▶ _What the task requires_
All of the data that follows is to be printed exactly, without pictures.

(Collected data entries)
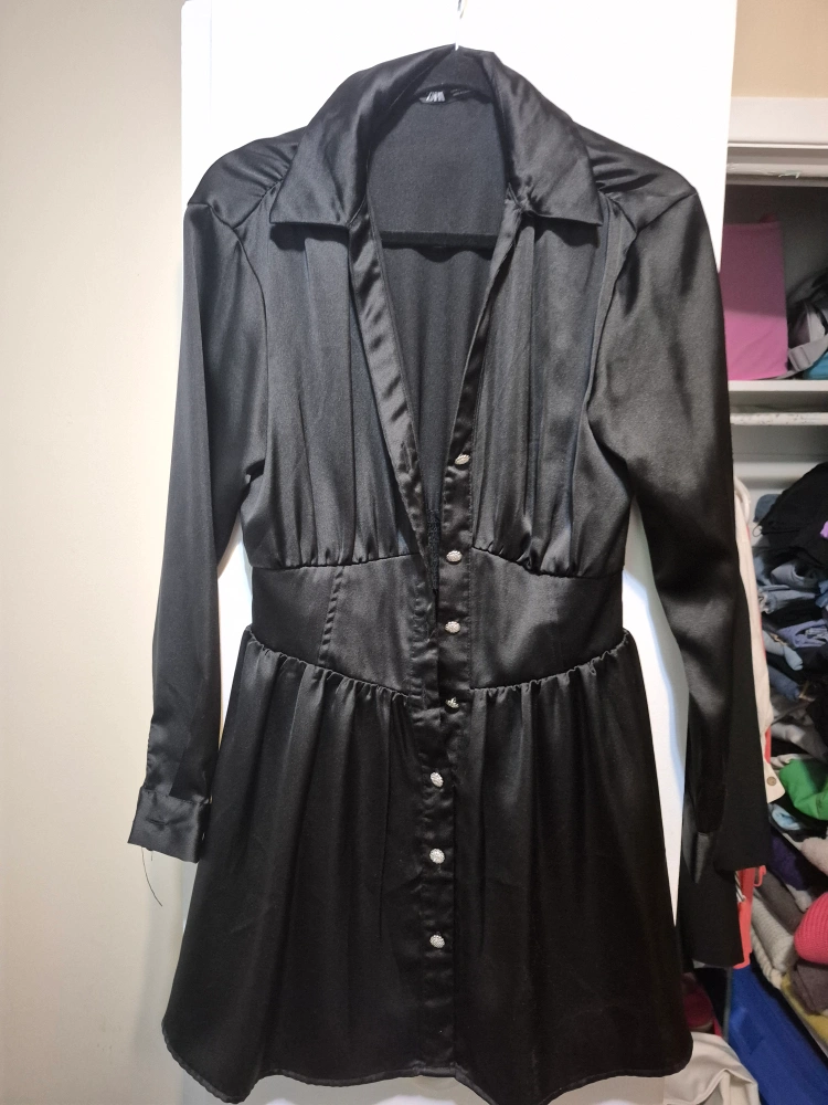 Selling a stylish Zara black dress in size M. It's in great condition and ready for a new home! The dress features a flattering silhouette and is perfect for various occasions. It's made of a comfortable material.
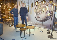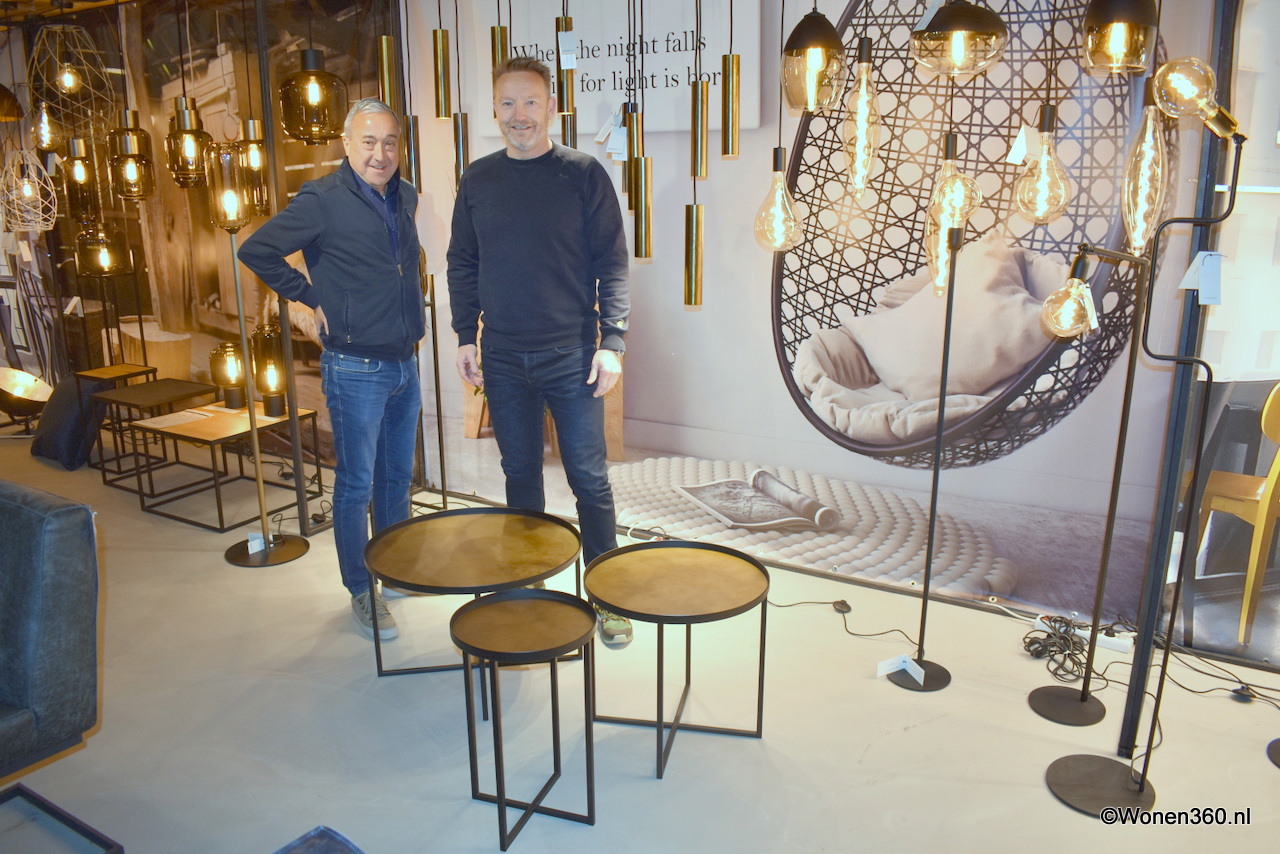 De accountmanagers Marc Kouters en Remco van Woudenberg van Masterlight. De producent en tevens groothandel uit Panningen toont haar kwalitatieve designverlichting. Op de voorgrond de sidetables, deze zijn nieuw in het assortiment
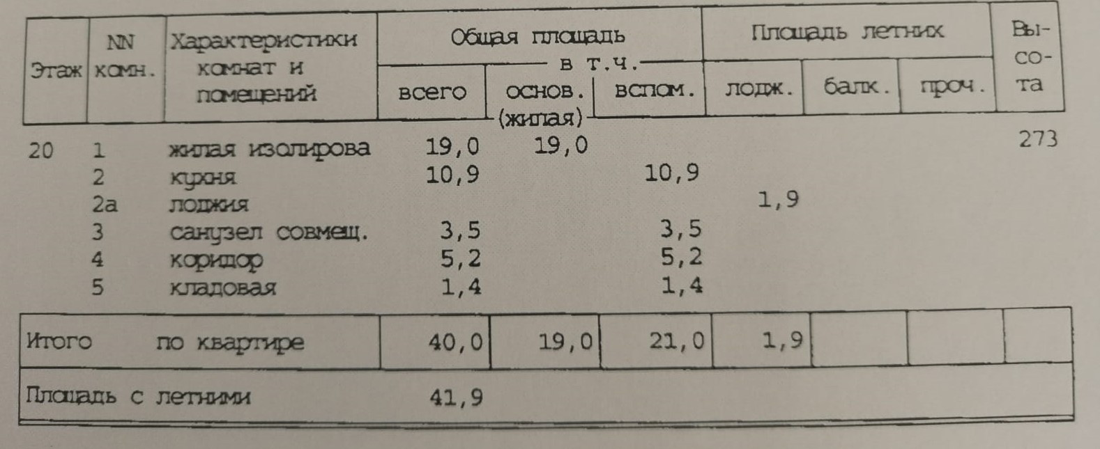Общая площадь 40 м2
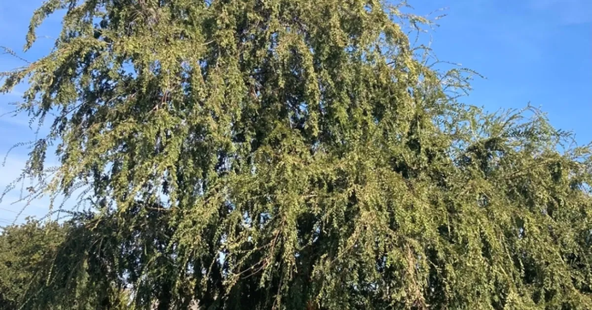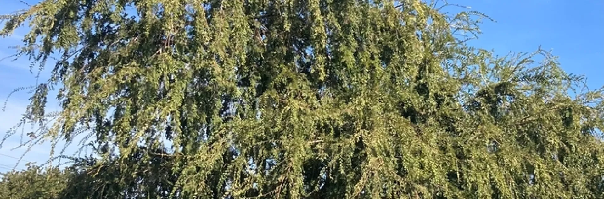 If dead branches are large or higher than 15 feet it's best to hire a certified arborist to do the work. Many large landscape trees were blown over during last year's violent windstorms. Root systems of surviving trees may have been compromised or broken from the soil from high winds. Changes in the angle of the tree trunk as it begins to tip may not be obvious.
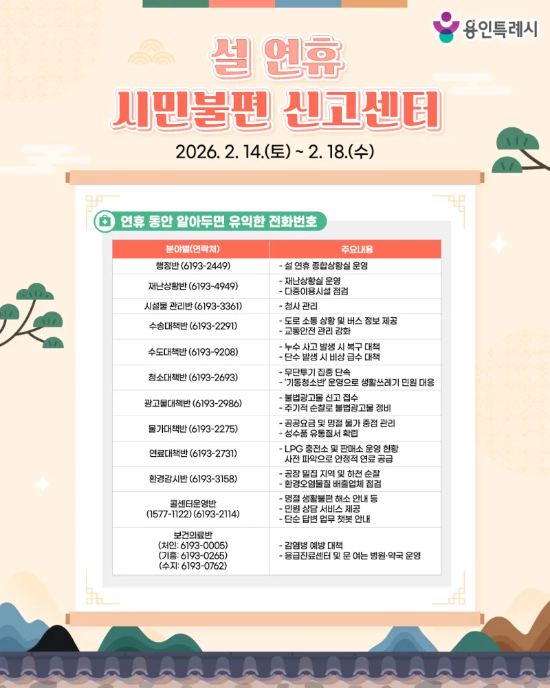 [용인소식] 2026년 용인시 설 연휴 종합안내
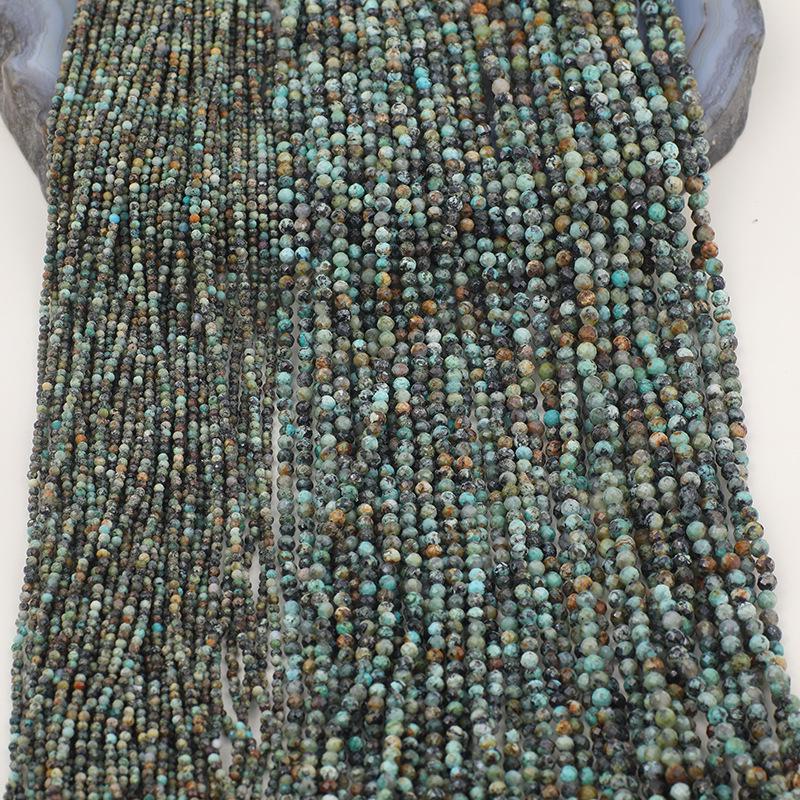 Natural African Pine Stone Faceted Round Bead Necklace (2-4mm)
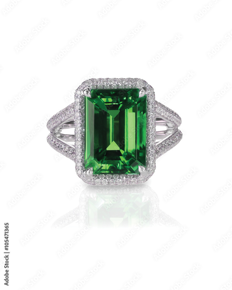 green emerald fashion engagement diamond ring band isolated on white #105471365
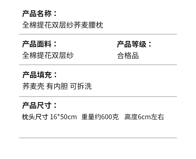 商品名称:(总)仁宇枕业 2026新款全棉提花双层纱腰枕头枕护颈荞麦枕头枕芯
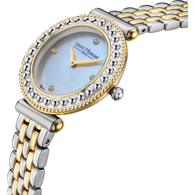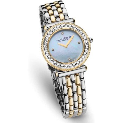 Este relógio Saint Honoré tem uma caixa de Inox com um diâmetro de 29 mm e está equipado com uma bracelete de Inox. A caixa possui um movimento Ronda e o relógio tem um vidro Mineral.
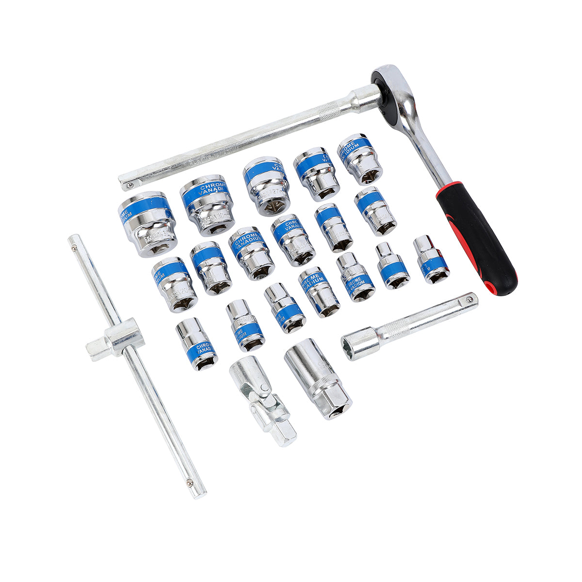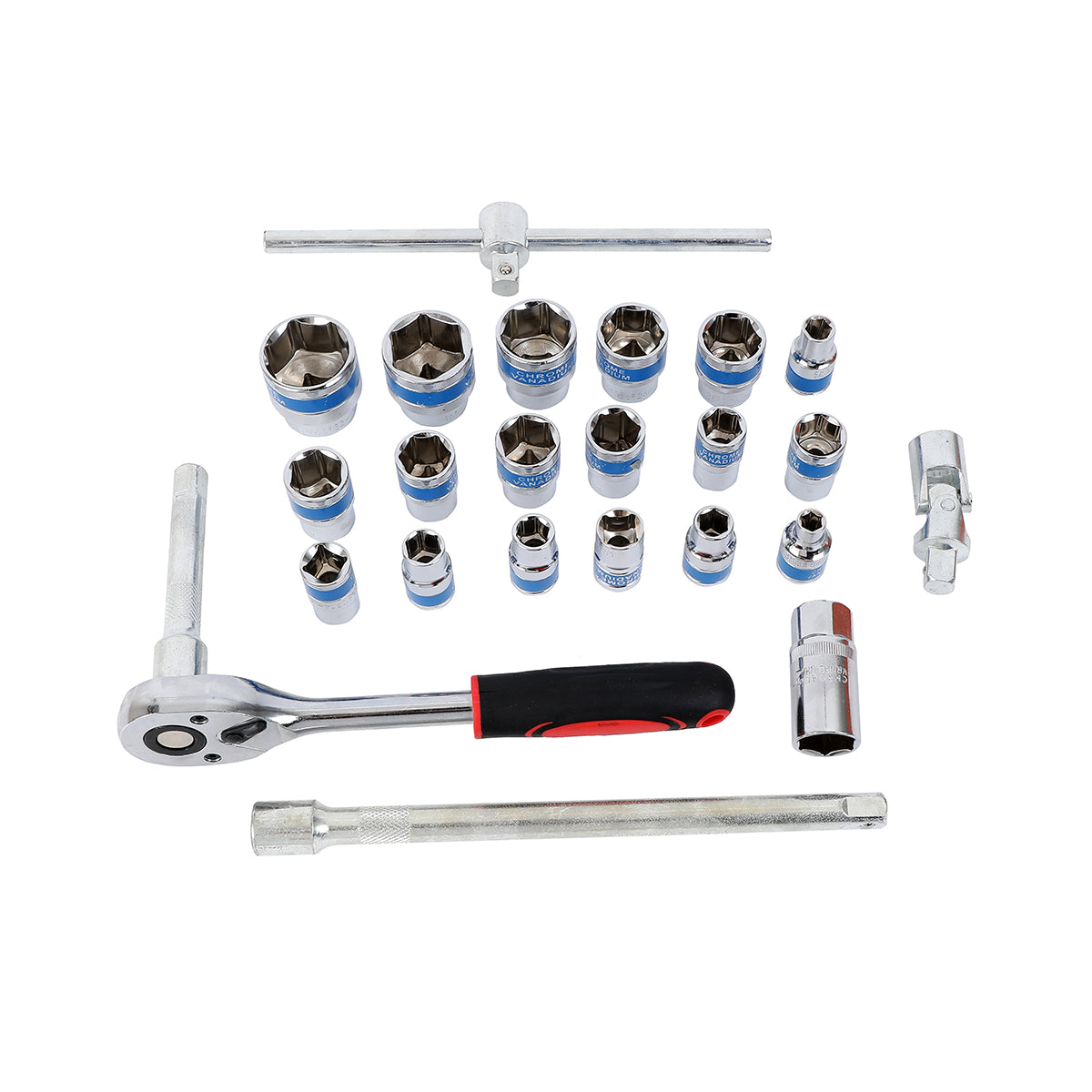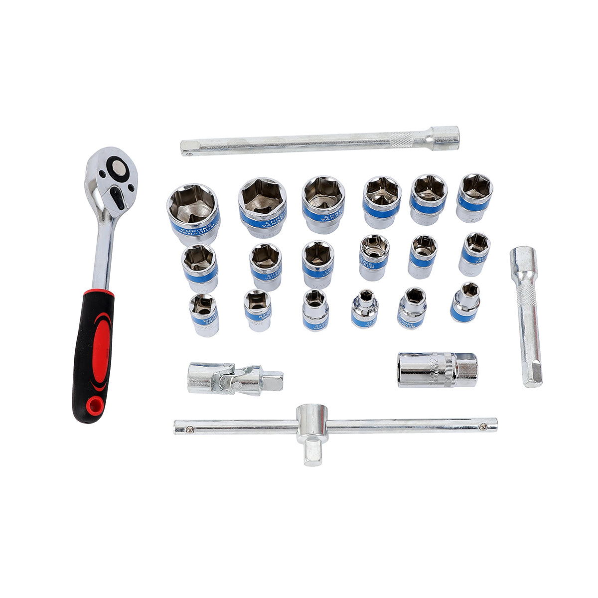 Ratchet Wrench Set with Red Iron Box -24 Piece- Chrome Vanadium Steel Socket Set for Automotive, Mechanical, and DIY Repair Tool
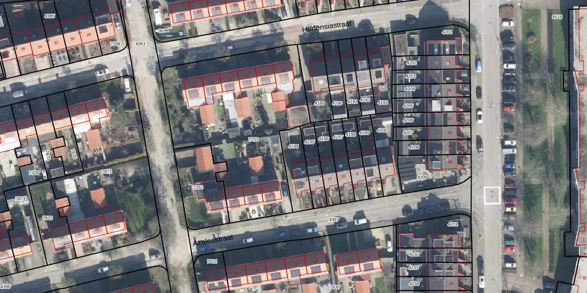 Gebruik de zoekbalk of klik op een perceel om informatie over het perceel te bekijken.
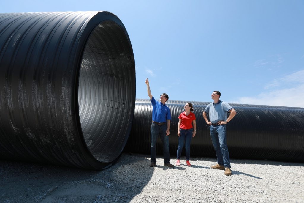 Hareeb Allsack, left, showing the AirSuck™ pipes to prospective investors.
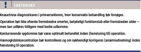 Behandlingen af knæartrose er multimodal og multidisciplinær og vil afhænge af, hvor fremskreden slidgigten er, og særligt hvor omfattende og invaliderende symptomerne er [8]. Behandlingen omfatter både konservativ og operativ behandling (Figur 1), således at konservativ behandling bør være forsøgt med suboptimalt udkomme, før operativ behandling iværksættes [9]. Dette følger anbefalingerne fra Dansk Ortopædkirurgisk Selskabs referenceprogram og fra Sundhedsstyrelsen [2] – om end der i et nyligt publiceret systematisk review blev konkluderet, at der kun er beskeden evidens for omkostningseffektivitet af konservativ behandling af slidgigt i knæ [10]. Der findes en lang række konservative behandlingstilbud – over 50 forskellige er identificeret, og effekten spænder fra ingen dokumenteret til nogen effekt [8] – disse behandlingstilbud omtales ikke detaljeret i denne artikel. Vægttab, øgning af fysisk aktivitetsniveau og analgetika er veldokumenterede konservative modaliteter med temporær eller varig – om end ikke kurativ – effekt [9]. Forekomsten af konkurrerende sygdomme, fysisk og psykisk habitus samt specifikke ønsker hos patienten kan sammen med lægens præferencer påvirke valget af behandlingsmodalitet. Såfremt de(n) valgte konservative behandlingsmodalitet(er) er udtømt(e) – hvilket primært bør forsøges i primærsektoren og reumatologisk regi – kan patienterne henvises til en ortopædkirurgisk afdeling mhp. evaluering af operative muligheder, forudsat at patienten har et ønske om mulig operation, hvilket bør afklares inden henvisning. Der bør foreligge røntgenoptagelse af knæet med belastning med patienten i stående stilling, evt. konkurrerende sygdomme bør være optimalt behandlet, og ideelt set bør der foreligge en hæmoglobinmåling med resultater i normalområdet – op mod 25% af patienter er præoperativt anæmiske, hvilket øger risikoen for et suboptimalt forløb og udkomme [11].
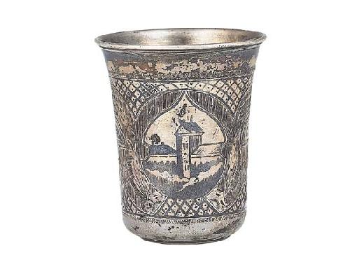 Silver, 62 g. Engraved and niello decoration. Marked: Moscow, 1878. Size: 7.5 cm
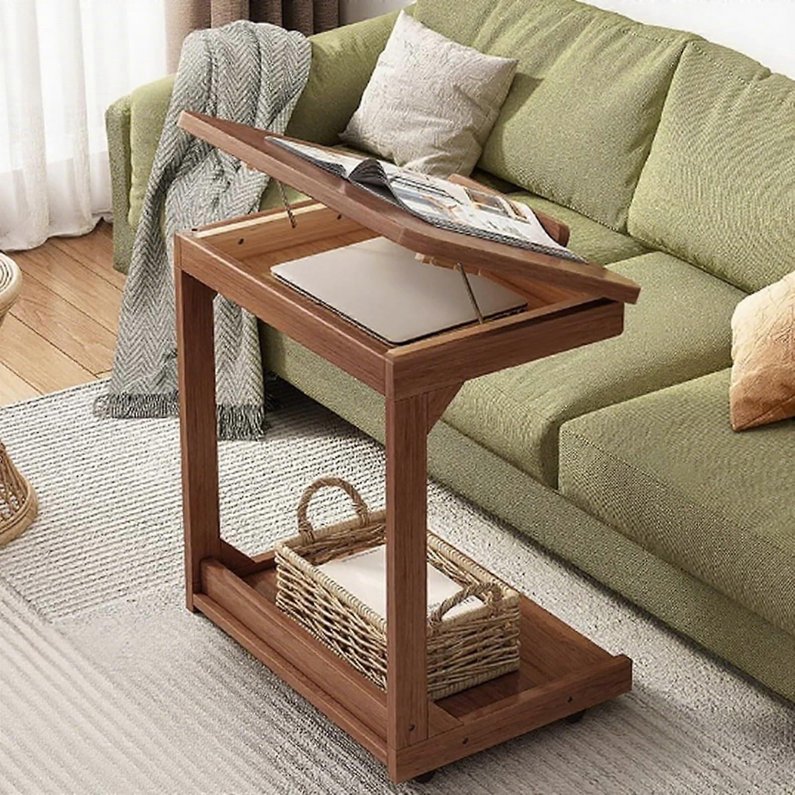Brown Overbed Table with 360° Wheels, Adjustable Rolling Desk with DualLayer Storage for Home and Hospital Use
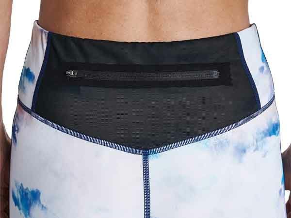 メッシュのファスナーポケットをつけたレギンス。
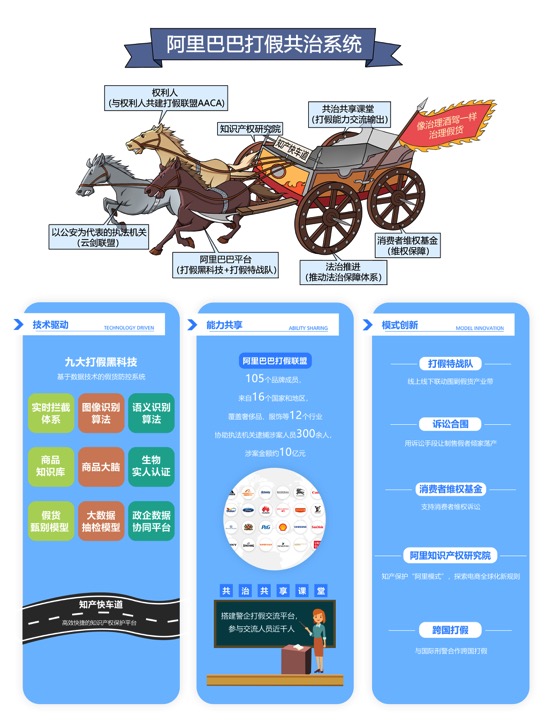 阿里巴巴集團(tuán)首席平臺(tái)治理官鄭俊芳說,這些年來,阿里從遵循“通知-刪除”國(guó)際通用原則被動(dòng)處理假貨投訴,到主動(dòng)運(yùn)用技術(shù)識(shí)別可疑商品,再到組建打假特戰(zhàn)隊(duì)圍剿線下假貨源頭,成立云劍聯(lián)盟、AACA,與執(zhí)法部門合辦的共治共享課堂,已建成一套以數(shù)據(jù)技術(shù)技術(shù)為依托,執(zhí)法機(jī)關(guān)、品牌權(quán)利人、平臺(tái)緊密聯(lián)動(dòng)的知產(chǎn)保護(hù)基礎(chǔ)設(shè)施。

▶ _Problem solution_
 Selling a stylish Zara black dress in size M. It's in great condition and ready for a new home! The dress features a flattering silhouette and is perfect for various occasions. It's made of a comfortable material.
 De accountmanagers Marc Kouters en Remco van Woudenberg van Masterlight. De producent en tevens groothandel uit Panningen toont haar kwalitatieve designverlichting. Op de voorgrond de sidetables, deze zijn nieuw in het assortiment
Общая площадь 40 м2
 If dead branches are large or higher than 15 feet it's best to hire a certified arborist to do the work. Many large landscape trees were blown over during last year's violent windstorms. Root systems of surviving trees may have been compromised or broken from the soil from high winds. Changes in the angle of the tree trunk as it begins to tip may not be obvious.
 [용인소식] 2026년 용인시 설 연휴 종합안내
 Natural African Pine Stone Faceted Round Bead Necklace (2-4mm)
 green emerald fashion engagement diamond ring band isolated on white #105471365
 商品名称:(总)仁宇枕业 2026新款全棉提花双层纱腰枕头枕护颈荞麦枕头枕芯
 Este relógio Saint Honoré tem uma caixa de Inox com um diâmetro de 29 mm e está equipado com uma bracelete de Inox. A caixa possui um movimento Ronda e o relógio tem um vidro Mineral.
 Ratchet Wrench Set with Red Iron Box -24 Piece- Chrome Vanadium Steel Socket Set for Automotive, Mechanical, and DIY Repair Tool
 Gebruik de zoekbalk of klik op een perceel om informatie over het perceel te bekijken.
 Hareeb Allsack, left, showing the AirSuck™ pipes to prospective investors.
 Behandlingen af knæartrose er multimodal og multidisciplinær og vil afhænge af, hvor fremskreden slidgigten er, og særligt hvor omfattende og invaliderende symptomerne er [8]. Behandlingen omfatter både konservativ og operativ behandling (Figur 1), således at konservativ behandling bør være forsøgt med suboptimalt udkomme, før operativ behandling iværksættes [9]. Dette følger anbefalingerne fra Dansk Ortopædkirurgisk Selskabs referenceprogram og fra Sundhedsstyrelsen [2] – om end der i et nyligt publiceret systematisk review blev konkluderet, at der kun er beskeden evidens for omkostningseffektivitet af konservativ behandling af slidgigt i knæ [10]. Der findes en lang række konservative behandlingstilbud – over 50 forskellige er identificeret, og effekten spænder fra ingen dokumenteret til nogen effekt [8] – disse behandlingstilbud omtales ikke detaljeret i denne artikel. Vægttab, øgning af fysisk aktivitetsniveau og analgetika er veldokumenterede konservative modaliteter med temporær eller varig – om end ikke kurativ – effekt [9]. Forekomsten af konkurrerende sygdomme, fysisk og psykisk habitus samt specifikke ønsker hos patienten kan sammen med lægens præferencer påvirke valget af behandlingsmodalitet. Såfremt de(n) valgte konservative behandlingsmodalitet(er) er udtømt(e) – hvilket primært bør forsøges i primærsektoren og reumatologisk regi – kan patienterne henvises til en ortopædkirurgisk afdeling mhp. evaluering af operative muligheder, forudsat at patienten har et ønske om mulig operation, hvilket bør afklares inden henvisning. Der bør foreligge røntgenoptagelse af knæet med belastning med patienten i stående stilling, evt. konkurrerende sygdomme bør være optimalt behandlet, og ideelt set bør der foreligge en hæmoglobinmåling med resultater i normalområdet – op mod 25% af patienter er præoperativt anæmiske, hvilket øger risikoen for et suboptimalt forløb og udkomme [11].
 Silver, 62 g. Engraved and niello decoration. Marked: Moscow, 1878. Size: 7.5 cm
Brown Overbed Table with 360° Wheels, Adjustable Rolling Desk with DualLayer Storage for Home and Hospital Use
 メッシュのファスナーポケットをつけたレギンス。
 阿里巴巴集團(tuán)首席平臺(tái)治理官鄭俊芳說,這些年來,阿里從遵循“通知-刪除”國(guó)際通用原則被動(dòng)處理假貨投訴,到主動(dòng)運(yùn)用技術(shù)識(shí)別可疑商品,再到組建打假特戰(zhàn)隊(duì)圍剿線下假貨源頭,成立云劍聯(lián)盟、AACA,與執(zhí)法部門合辦的共治共享課堂,已建成一套以數(shù)據(jù)技術(shù)技術(shù)為依托,執(zhí)法機(jī)關(guān)、品牌權(quán)利人、平臺(tái)緊密聯(lián)動(dòng)的知產(chǎn)保護(hù)基礎(chǔ)設(shè)施。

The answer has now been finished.